[[ Given data open ]]

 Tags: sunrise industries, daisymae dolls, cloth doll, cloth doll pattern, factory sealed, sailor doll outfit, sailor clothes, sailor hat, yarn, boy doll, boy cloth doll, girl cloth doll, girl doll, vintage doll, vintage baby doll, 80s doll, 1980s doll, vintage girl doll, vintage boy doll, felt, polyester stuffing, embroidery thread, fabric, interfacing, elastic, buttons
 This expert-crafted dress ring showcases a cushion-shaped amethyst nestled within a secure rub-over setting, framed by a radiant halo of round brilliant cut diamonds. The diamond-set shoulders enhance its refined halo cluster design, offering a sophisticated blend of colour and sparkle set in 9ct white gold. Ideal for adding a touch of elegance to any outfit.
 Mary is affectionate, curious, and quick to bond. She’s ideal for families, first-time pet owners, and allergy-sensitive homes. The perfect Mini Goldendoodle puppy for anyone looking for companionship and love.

[[ Given data closed ]]
[[ Given data open ]]

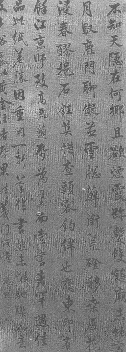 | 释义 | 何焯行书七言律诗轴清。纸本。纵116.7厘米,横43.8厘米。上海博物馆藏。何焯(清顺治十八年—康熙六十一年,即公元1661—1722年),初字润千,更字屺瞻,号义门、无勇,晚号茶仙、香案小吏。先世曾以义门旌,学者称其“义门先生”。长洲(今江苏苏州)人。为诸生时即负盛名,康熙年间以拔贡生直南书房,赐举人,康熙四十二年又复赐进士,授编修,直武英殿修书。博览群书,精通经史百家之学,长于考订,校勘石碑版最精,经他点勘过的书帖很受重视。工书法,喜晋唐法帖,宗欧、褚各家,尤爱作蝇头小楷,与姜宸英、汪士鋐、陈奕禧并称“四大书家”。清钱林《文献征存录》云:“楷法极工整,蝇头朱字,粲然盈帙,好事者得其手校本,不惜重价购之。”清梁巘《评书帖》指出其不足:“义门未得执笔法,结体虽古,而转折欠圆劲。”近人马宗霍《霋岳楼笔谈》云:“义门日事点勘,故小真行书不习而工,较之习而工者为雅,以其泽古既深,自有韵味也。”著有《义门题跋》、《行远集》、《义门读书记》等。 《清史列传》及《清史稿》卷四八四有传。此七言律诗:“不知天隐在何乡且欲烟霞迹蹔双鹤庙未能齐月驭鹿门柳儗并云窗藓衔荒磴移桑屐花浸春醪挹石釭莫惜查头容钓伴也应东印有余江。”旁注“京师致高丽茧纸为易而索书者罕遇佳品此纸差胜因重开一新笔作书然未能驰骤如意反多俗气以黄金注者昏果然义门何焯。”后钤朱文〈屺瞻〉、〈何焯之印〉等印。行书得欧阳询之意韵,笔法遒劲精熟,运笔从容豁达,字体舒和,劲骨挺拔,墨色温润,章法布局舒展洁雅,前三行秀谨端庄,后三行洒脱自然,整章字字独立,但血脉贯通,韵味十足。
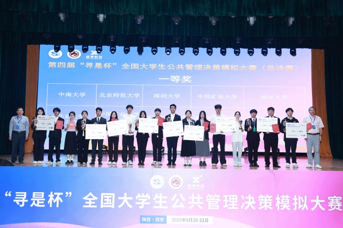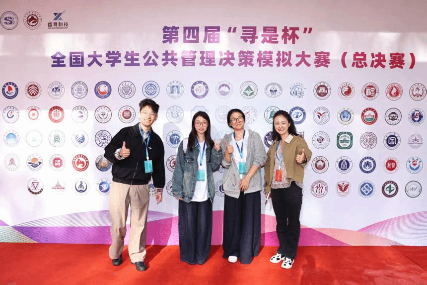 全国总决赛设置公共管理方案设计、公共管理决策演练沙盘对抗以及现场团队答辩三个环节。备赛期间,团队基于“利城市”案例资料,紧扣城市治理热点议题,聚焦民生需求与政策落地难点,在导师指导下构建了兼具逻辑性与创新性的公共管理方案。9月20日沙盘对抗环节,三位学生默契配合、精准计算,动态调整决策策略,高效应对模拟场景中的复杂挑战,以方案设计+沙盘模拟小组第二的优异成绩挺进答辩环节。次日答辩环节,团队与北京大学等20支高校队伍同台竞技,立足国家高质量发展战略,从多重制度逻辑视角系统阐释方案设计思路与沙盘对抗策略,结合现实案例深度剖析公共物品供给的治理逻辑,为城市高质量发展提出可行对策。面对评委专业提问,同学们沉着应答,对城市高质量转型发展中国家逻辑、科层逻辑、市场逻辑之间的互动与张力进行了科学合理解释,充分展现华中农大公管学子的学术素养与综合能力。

[[ Given data closed ]]

▸ **Task instructions**
Copy out the range of lines above starting at the line with "Tags: sunrise industries, daisymae" and ending at the line with "Mary is affectionate, curious, and", exactly and including both.

▸ **Expected answer**
 Tags: sunrise industries, daisymae dolls, cloth doll, cloth doll pattern, factory sealed, sailor doll outfit, sailor clothes, sailor hat, yarn, boy doll, boy cloth doll, girl cloth doll, girl doll, vintage doll, vintage baby doll, 80s doll, 1980s doll, vintage girl doll, vintage boy doll, felt, polyester stuffing, embroidery thread, fabric, interfacing, elastic, buttons
 This expert-crafted dress ring showcases a cushion-shaped amethyst nestled within a secure rub-over setting, framed by a radiant halo of round brilliant cut diamonds. The diamond-set shoulders enhance its refined halo cluster design, offering a sophisticated blend of colour and sparkle set in 9ct white gold. Ideal for adding a touch of elegance to any outfit.
 Mary is affectionate, curious, and quick to bond. She’s ideal for families, first-time pet owners, and allergy-sensitive homes. The perfect Mini Goldendoodle puppy for anyone looking for companionship and love.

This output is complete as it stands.